For surrogate pregnancies where only one child is born, the preterm birth rate in surrogacy is marginally lower than babies born from standard IVF (11.5% vs 14%). Babies born from surrogacy also have similar average gestational age as infants born through in vitro fertilization and oocyte donation; approximately weeks. Preterm birth rate was higher for surrogate twin pregnancies compared to single births. There are fewer babies with low birth weight when born through surrogacy compared to those born through in vitro fertilization but both methods have similar rates of birth defects.

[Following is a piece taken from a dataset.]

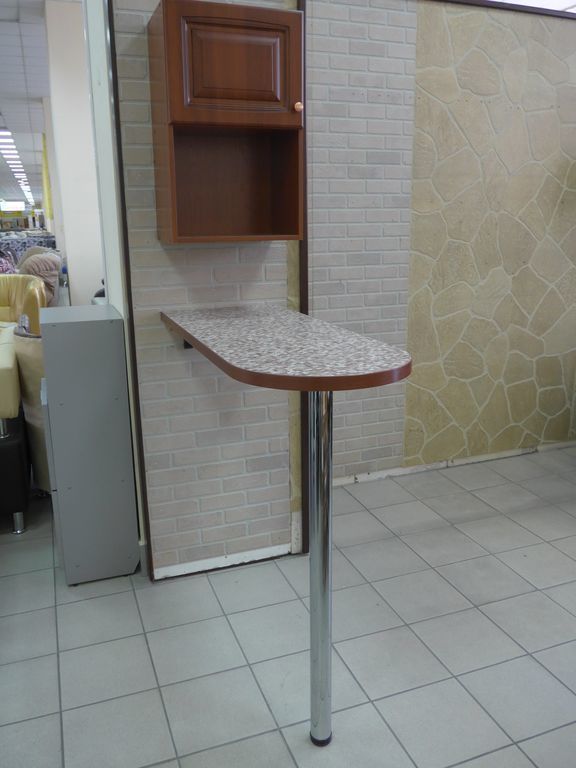 Откидная барная стойка очень удобна на малометражной кухне, так как в сложенном, точнее поднятом, состоянии совсем не занимает места

Indications for surrogacy 
Opting for surrogacy is often a choice made when women are unable to carry children on their own. This can be for a number of reasons, including an abnormal uterus or a complete absence of a uterus either congenitally (also known as Mayer-Rokitansky-Kuster-Hauser syndrome)  or post-hysterectomy. Women may have a hysterectomy due to complications in childbirth such as heavy bleeding or a ruptured uterus. Medical diseases such as cervical cancer or endometrial cancer can also lead to surgical removal of the uterus. Past implantation failures, history of multiple miscarriages, or concurrent severe heart or renal conditions that can make pregnancy harmful may also prompt women to consider surrogacy. The biological impossibility of single men and same-sex couples having a baby also may indicate surrogacy as an option.

Gestational surrogacy 
In gestational surrogacy, the child is not biologically related to the surrogate, who is often referred to as a gestational carrier. Instead, the embryo is created via in vitro fertilization (IVF), using the eggs and sperm of the intended parents or donors, and is then transferred to the surrogate.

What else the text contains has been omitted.